Unlike ongoing benefits or large tax breaks, this approach offers a scalable, controllable and time-bound mechanism that delivers visible support without locking in permanent fiscal obligations.
The choices we make about how to implement must be tested through engagement with Islanders. Each of these choices deserves public airing and debate. In balancing symbolism with substance, efficiency with empathy, Jersey has an opportunity to do something quietly bold: to tell new families they matter – and to mean it.
Not a handout
This is not about giveaways. It’s about public investment with a measurable return – for families and the economy.
At a time when young Islanders are delaying or forgoing parenthood due to cost, Jersey cannot afford to ignore tools that ease the burden on working families. And if the support can be delivered in a way that keeps the money circulating locally, stimulates businesses, and builds confidence, it becomes not only compassionate but economically rational.
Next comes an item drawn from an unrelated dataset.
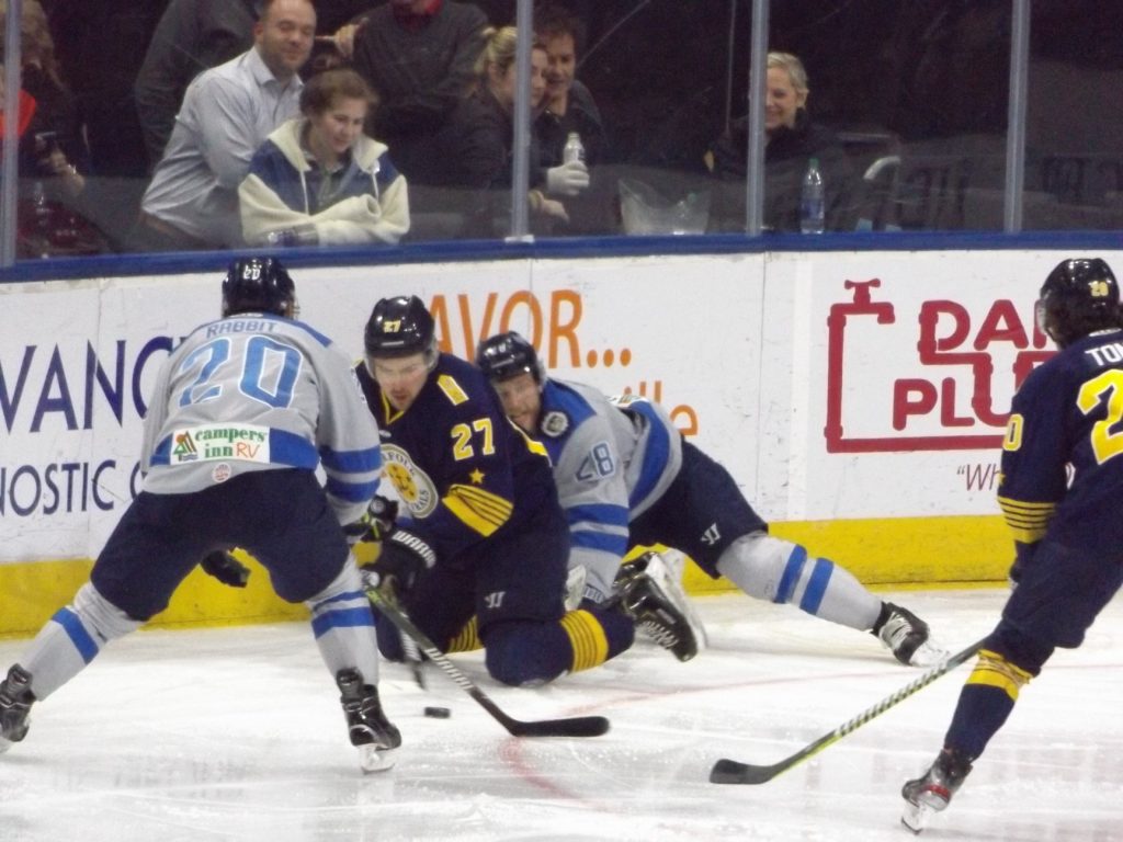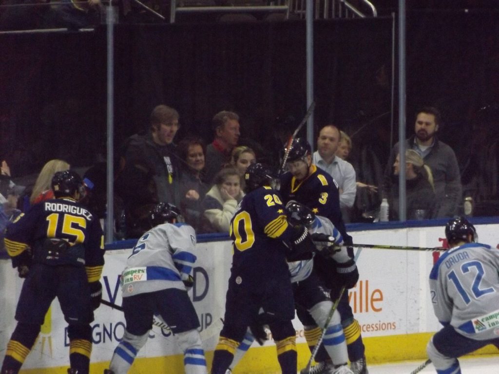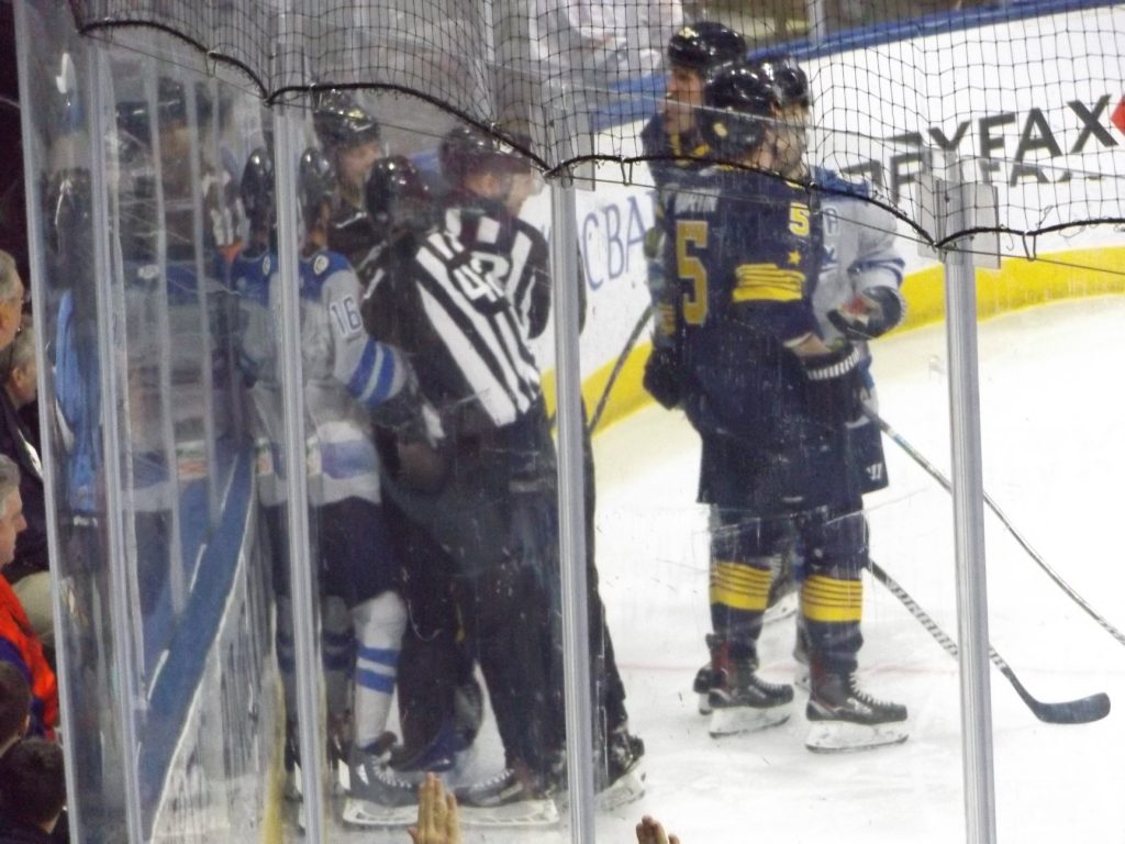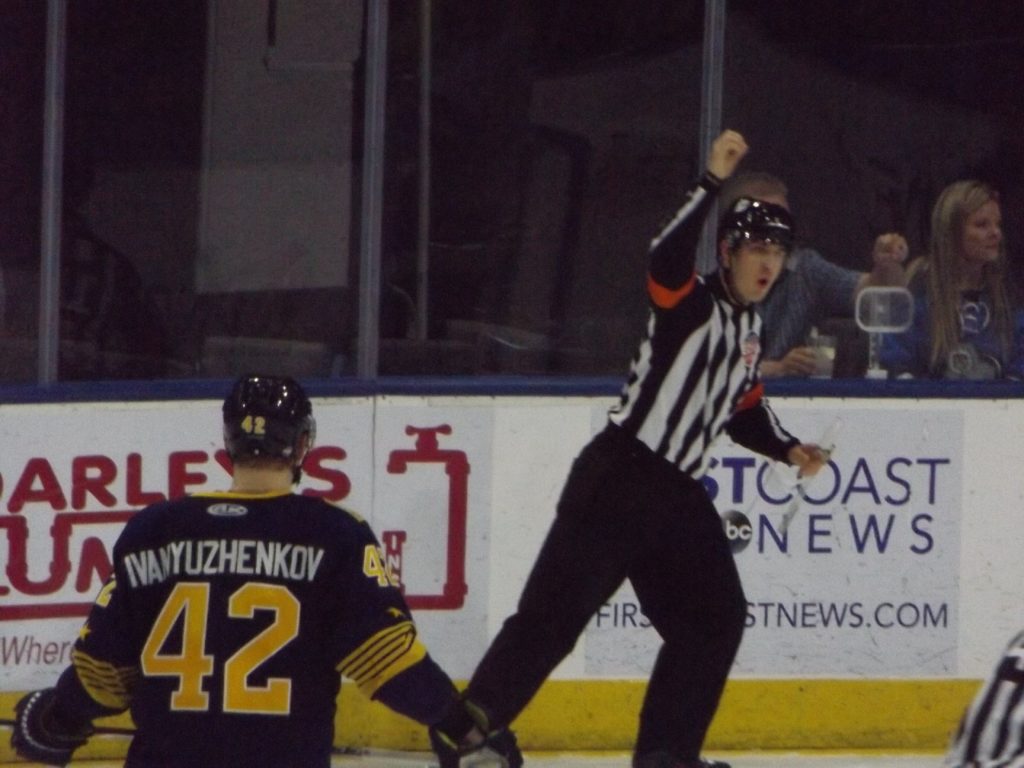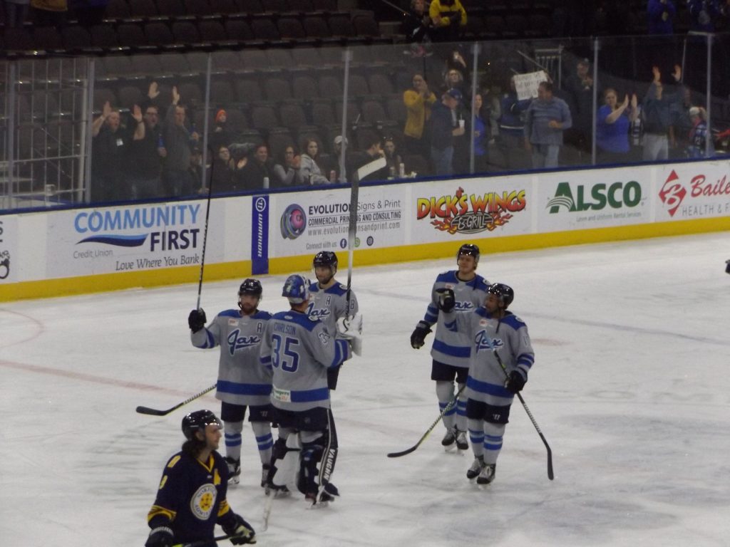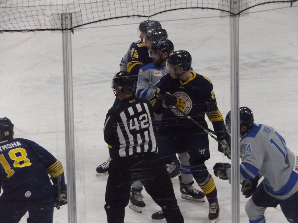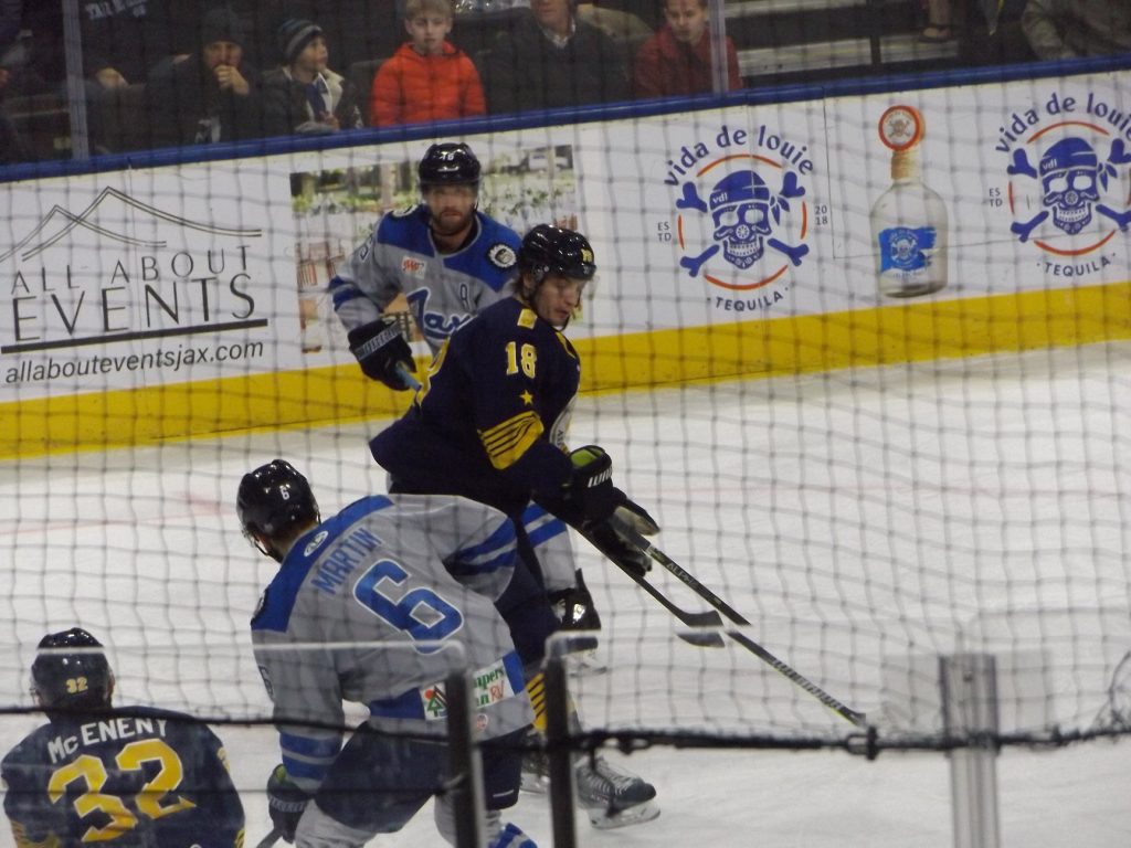 In the extra session, an Admiral defender slipped and fell on the ice which spring boarded the Icemen to a 2-on-1 the other direction. Craig Martin slipped a pass across the crease to Luke Shiplo. Shiplo tapped a shot on goal that was stopped by Theut. However, the rebound hit of the skate of Norfolk defenseman Brycen Martin and the puck roll like a wheel across the goal line to seal the 2-1 victory for Jacksonville.

Jersey prides itself on being agile and self-reliant. This is one policy area where both principles could be honoured – through smart design, clear targeting and evidence-led evaluation.
As policymakers debate how to respond to falling birth rates, rising child poverty and a fragile retail economy, the case for a targeted Spend Local scheme for families deserves a seat at the table.
A registered nurse for nearly 40 years, Bernard Place has been a clinician, teacher and researcher in intensive care units. From 2012 he managed departments in Jersey’s healthcare system and from 2015 to 2019 was the clinical project director for Jersey’s new hospital.